A Love Letter to Instant Ramen
Ramen noodles are the foodstuff of legend. Before they were a packet of instant, dried-and-fried noodles microwaved by college students, they were painstakingly pulled by Japanese chefs that exactingly honed their craft. Now, this trendy food has barrelled its way into the average American diet, advanced by chefs like David Chang and Ivan Orkin. In the meantime, it’s been refined, that packet of sodium-laden seasoning replaced by simmering tonkotsu broth and dried veggies superseded with the finest of foraged herbs.
But still, the appeal of a packet of instant ramen is undeniable. Almost anyone who has lived on a meager budget has a nostalgic taste for ramen noodles, and I am no exception.
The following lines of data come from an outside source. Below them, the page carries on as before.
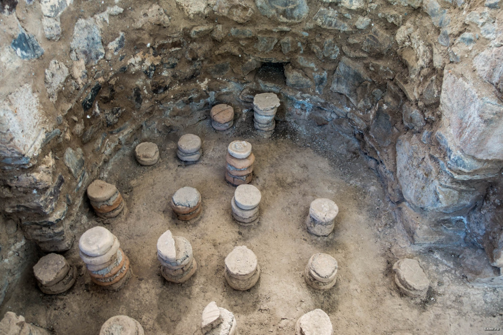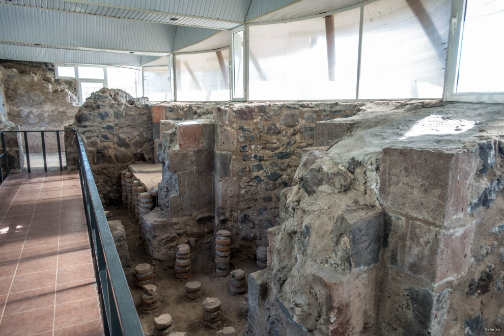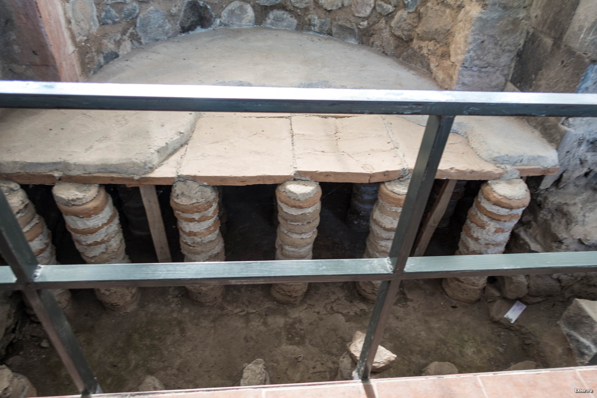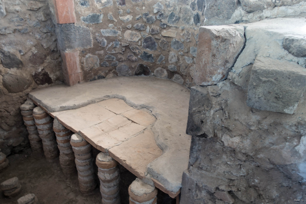 С торца здания в подвальчике разводился огонь. Горячий воздых и дым проходили под двойным полом и нагревали специальные столбики из камней, которые в свою очередь нагревали купальню и воду.
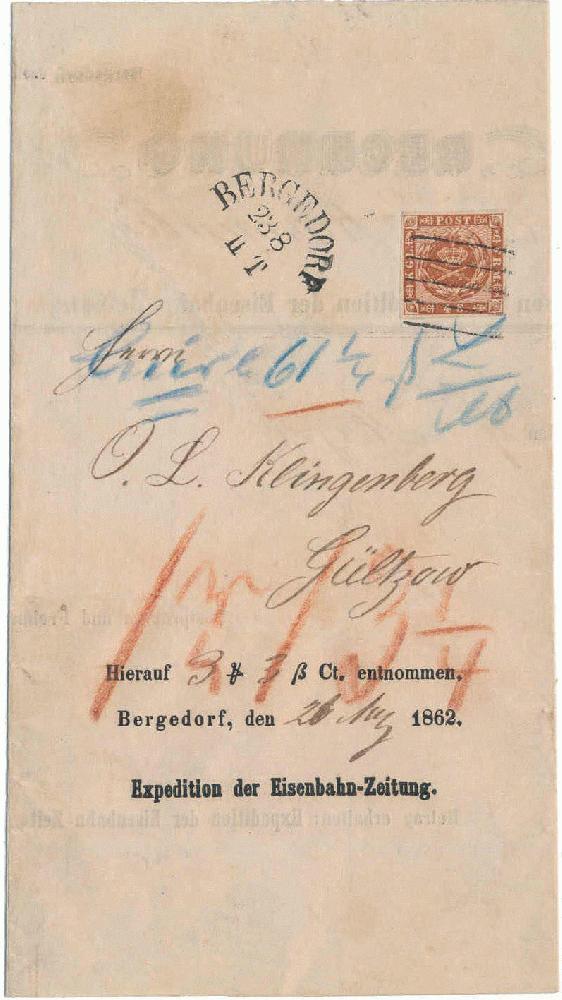 | Zusatzinformationen und Suchstichworte: | Postiljonen 237. Int. Briefmarken Auktion 29. September - 01. Oktober 2022 Los 95 Dänemark A beautiful COD Receipt sent from "BERGEDORF 23.8" (1862) to Gültzow in Lauenburg. Franked with 4 skilling 4th printing canc. with 5-bars canc. Cert. Jørgensen. RARE IN THIS QUALITY. EXCELLENT Ausruf 1.200,00 EUR |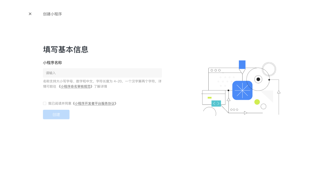小程序创建前需确保已完成主体入驻,流程详见:入驻开发者平台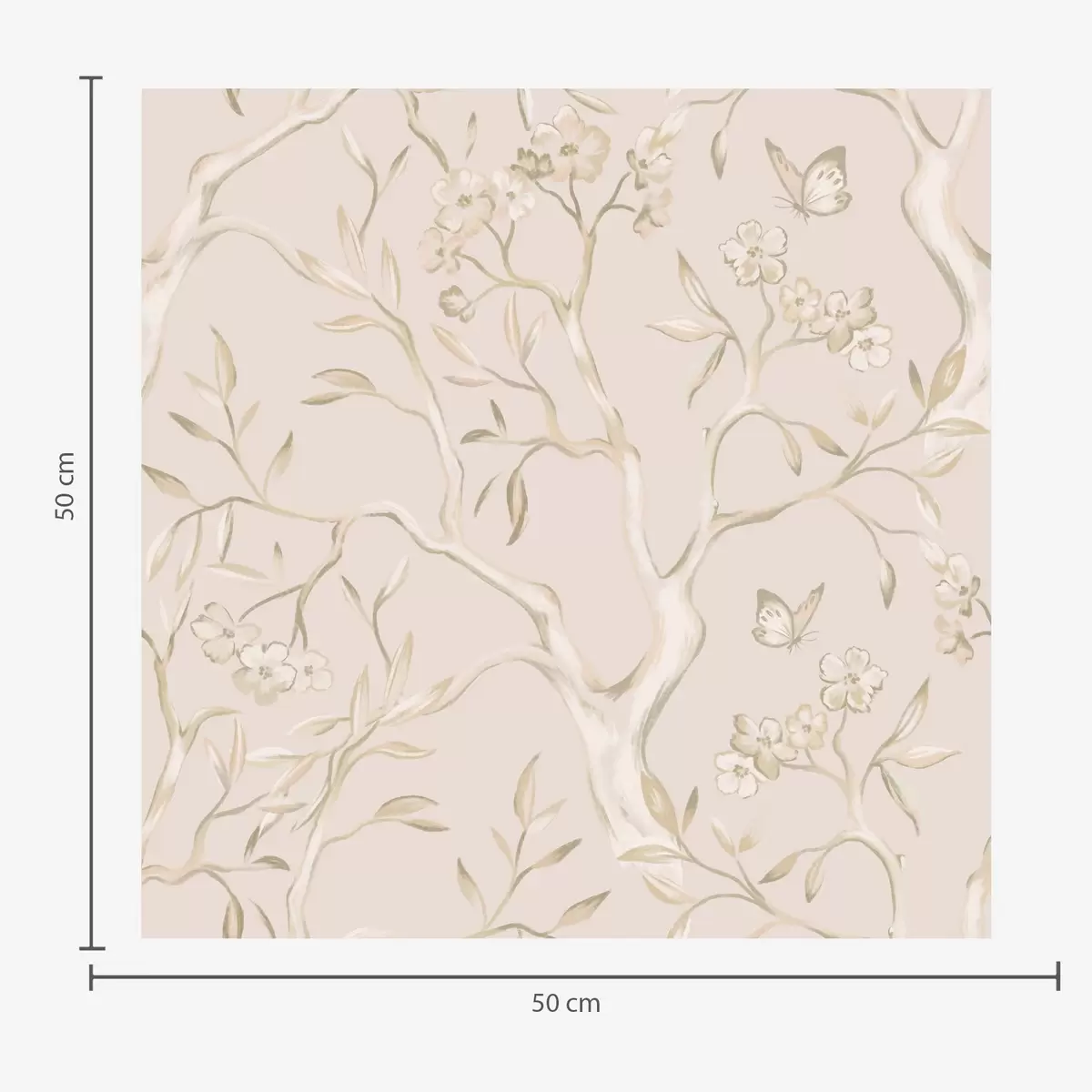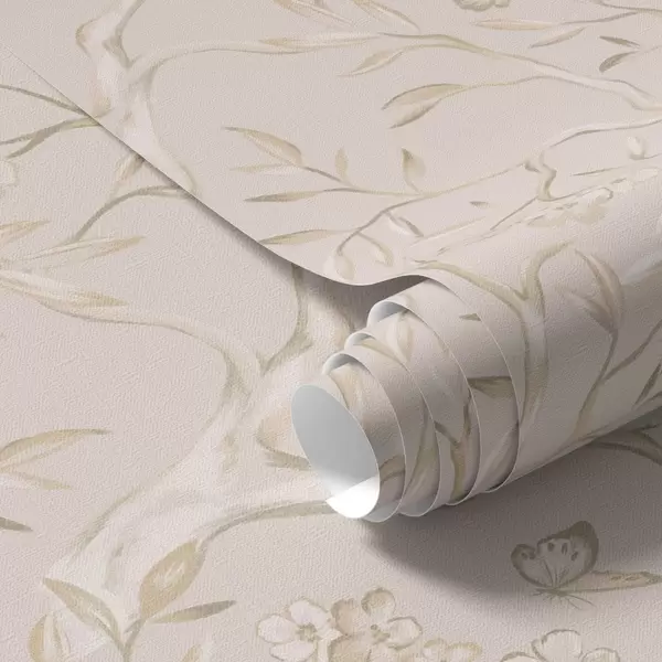 Tapetai Smėlio spalvos žydinčios šakos su drugeliais ant švelnaus fono Nr. a00951v2

My own taste for instant ramen actually started when I was a kid, when my mom would pick up packets as snacks to feed her two ravenous kids. When I first moved out on my own, I survived for actual months on little more than instant ramen and cigarettes. Even now that I’m doing (somewhat) better financially, I still find myself with a frequent craving for the salty, savory snack. Often, I refuse to indulge myself as I do an imaginary inventory of the bucket of salt and creepy chemicals that linger behind those colorful packets.
But when I do fire the kettle and boil a packet of noodles, which is happening more and more these days, I’m almost instantly satisfied by those empty calories, perhaps more so than if I’d chosen a “healthy” option. Even though I’ve long left behind the nuclear-orange macaroni and cheese mixes and frozen pizza snacks (for the most part), I’ve still always thrown a package of instant ramen into my shopping cart on every single trip. There’s a reason for that, and it’s easy to explain.
Sure, it’s not the healthiest choice. Instant ramen is (probably) packed with more sodium than some actual salt mines, and the noodles have been dried and then par-cooked via deep frying which results in a pretty staggering fat content. But you know what? Instant ramen is fucking awesome, and there’s no reason why I (or you) should have to justify its presence on the regular shopping list. Because of ramen, anyone can make an easy meal in three minutes if they’re able to boil water and follow instructions.
My love of instant ramen sits directly at odds with my love of slow food. There’s nothing I enjoy more than braising a hunk of meat or nursing a soup all day, but even I, a wannabe Ina Garten, get too tired to cook. When that happens, instant ramen is there for me. It’s there for me when I’m so hungry that I’m about to collapse (or commit a major felony), and for that, instant ramen deserves to be celebrated.